Die Wärmestrahlung der Erde könnte künftig als Energiequelle genutzt werden

Unsere Erde strahlt ständig Wärme in den Weltraum ab – große Mengen bisher ungenutzter Energie. Ließe sich diese Energiequelle anzapfen? Britische Forscher haben dies untersucht und gleich zwei Methoden konzipiert, mit denen dies gelingen könnte. Eine Gewinnung von Strom aus der Wärmeabstrahlung unseres Planeten ist daher keine bloße Utopie, wie sie in der Fachzeitschrift " Proceedings of the National Academy of Sciences" berichten.
Unsere Erde strahlt ständig Wärme in den Weltraum ab

Unsere Erde strahlt ständig Wärme in den Weltraum ab

Windparks und Solaranlagen sind eine Quelle erneuerbarer Energien. Doch es fehlt ihnen an Konstanz. Wenn die Sonne untergeht, fahren Solaranlagen herunter. Und wenn der Wind ausbleibt, stoppen die Windräder. Gibt es noch eine andere, konstantere Energiequelle, die uns auch in der Dunkelheit der Nacht und bei Windflaute mit Strom versorgen kann? Physiker der Harvard University haben eine neue und ungewöhnliche Energiequelle untersucht: Die enorme und bislang nicht verwertete Infrarotstrahlung, die die Erde emittiert.

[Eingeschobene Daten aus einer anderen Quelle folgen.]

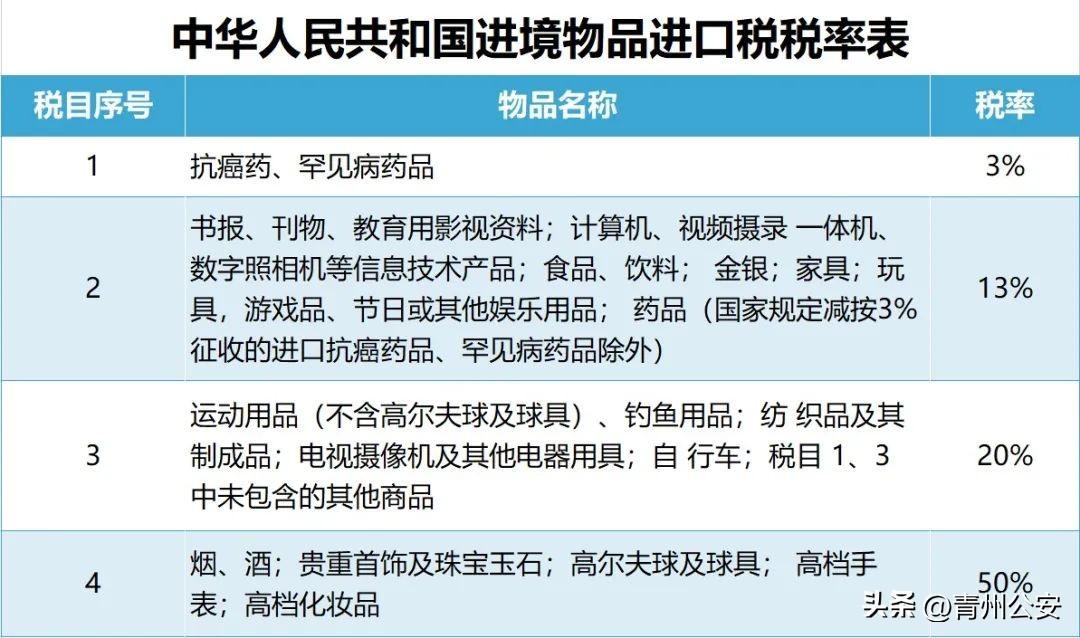 :进口税额=完税价格×进口税税率。根据《国务院关税税则委员会关于调整进境物品进口税有关问题的通知》,按3%、13%、20%、50%四档税率计征。

Denn verglichen mit dem kalten Vakuum des freien Weltraums ist unser Planet warm. Ein großer Teil der von der Sonne eingestrahlten Energie wird von der Erdoberfläche als langwellige Infrarotstrahlung wieder an den Weltraum abgegeben. Diese Abstrahlung liegt im mittleren Infrarot – und damit in einem Bereich des Spektrums, der bisher unbeachtet und ungenutzt geblieben ist. "Es ist nicht offensichtlich, wie viel Energie aus der Infrarotstrahlung der Erde gewonnen werden kann oder ob es überhaupt sinnvoll ist, dies zu versuchen - bis man sich hinsetzt und die Kalkulationen macht", erklärt Koautor Steven J. Byrnes von der Harvard University.

Genau diese Kalkulationen haben die Harvard-Forscher nun durchgeführt – und dabei auch direkt zwei Technologien ersonnen, die die Infrarotstrahlung der Erde zur Stromerzeugung nutzbar machen könnten. Eine Variante ähnelt einem solarthermischen Stromgenerator, die andere eher einer Photovoltaik-Zelle.


Federico Capasso (links) und Steven J. Byrnes (rechts) ersinnen neue Methode der Energiegewinnung

Federico Capasso (links) und Steven J. Byrnes (rechts) ersinnen neue Methode der Energiegewinnung

Der thermische Energiefänger


Die erste Technologie besteht aus einer "heißen" Platte mit der Temperatur der Erde und einer darauf liegenden "kalten" Platte. Die kalte Platte besteht aus hoch emissivem Material, das sehr effizient Wärme nach oben abgibt und dabei abkühlt. Diesen Effekt bezeichnet man auch als Strahlungskühlung. Weil die untere Platte diesen Effekt nicht zeigt, entsteht ein Temperaturgefälle – und daraus ließe sich Energie gewinnen.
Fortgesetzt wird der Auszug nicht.